Pedersen T J, Arwood L J, Spiker S, Guiltinan M J, Thompson W F
Department of Botany, North Carolina State University, Raleigh 27695-7612.
Plant Mol Biol. 1991 Jan;16(1):95-104. doi: 10.1007/BF00017920.
AT-rich sequences in the 5' flanking regions of several plant genes have been shown to bind nuclear proteins, but the nature of these proteins has remained largely unknown. We report here that certain plant high mobility group (HMG) chromosomal proteins can interact specifically (in the presence of excess non-specific competitor) with AT-rich sequences located upstream of the pea ferredoxin 1 gene (Fed-1) and a member of the wheat Em gene family. Binding was observed with highly purified preparations of HMGa or HMGb, but not with HMGc or HMGd. HMG-DNA complexes were similar to one of the two types of Fed-1 complexes we observed previously using pea nuclear extracts [7]. HMG binding to the Fed-1 DNA was localized to a region containing AT-rich sequences; very similar sequences are present 5' to Em and several other plants genes. Such sequences have been shown to bind unidentified nuclear proteins in a number of these systems. Binding experiments with a synthetic oligo (dA).oligo (dT) probe and competition experiments with synthetic DNA polymers suggest that HMG binding may depend upon structural features of AT-rich DNA rather than being sequence-specific. We discuss the implications of these findings and suggest a role for HMG binding which is consistent with previous evidence linking HMGs with transcriptionally competent chromatin.

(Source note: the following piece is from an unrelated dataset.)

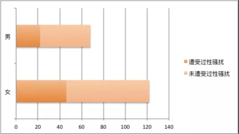 在填写问卷的190名受访者中,有三成以上(35.8%,68人)遭受过各种形式的性骚扰,其中超六成(66.0%)遭遇过两种形式及以上的性骚扰。在性别构成上,女性更容易成为性骚扰的受害者:此次调查中女性受害者占全部受害者的6成以上(66.3%),女性受害者占参与调查的女性的比例(37.7%)略高于男性受害者(32.4%)。

几个植物基因5'侧翼区域富含AT的序列已被证明能结合核蛋白,但这些蛋白的性质在很大程度上仍不清楚。我们在此报告,某些植物高迁移率族(HMG)染色体蛋白能(在存在过量非特异性竞争者的情况下)与位于豌豆铁氧还蛋白1基因(Fed-1)上游的富含AT的序列以及小麦Em基因家族的一个成员特异性相互作用。在高度纯化的HMGa或HMGb制剂中观察到了结合,但在HMGc或HMGd中未观察到。HMG-DNA复合物类似于我们先前使用豌豆核提取物观察到的Fed-1复合物的两种类型之一[7]。HMG与Fed-1 DNA的结合定位于一个含有富含AT序列的区域;在Em和其他几个植物基因的5'端存在非常相似的序列。在许多这些系统中,已证明此类序列能结合未鉴定的核蛋白。用合成寡聚体(dA)·寡聚体(dT)探针进行的结合实验以及用合成DNA聚合物进行的竞争实验表明,HMG结合可能取决于富含AT的DNA的结构特征,而不是序列特异性。我们讨论了这些发现的含义,并提出了HMG结合的作用,这与先前将HMG与转录活性染色质联系起来的证据一致。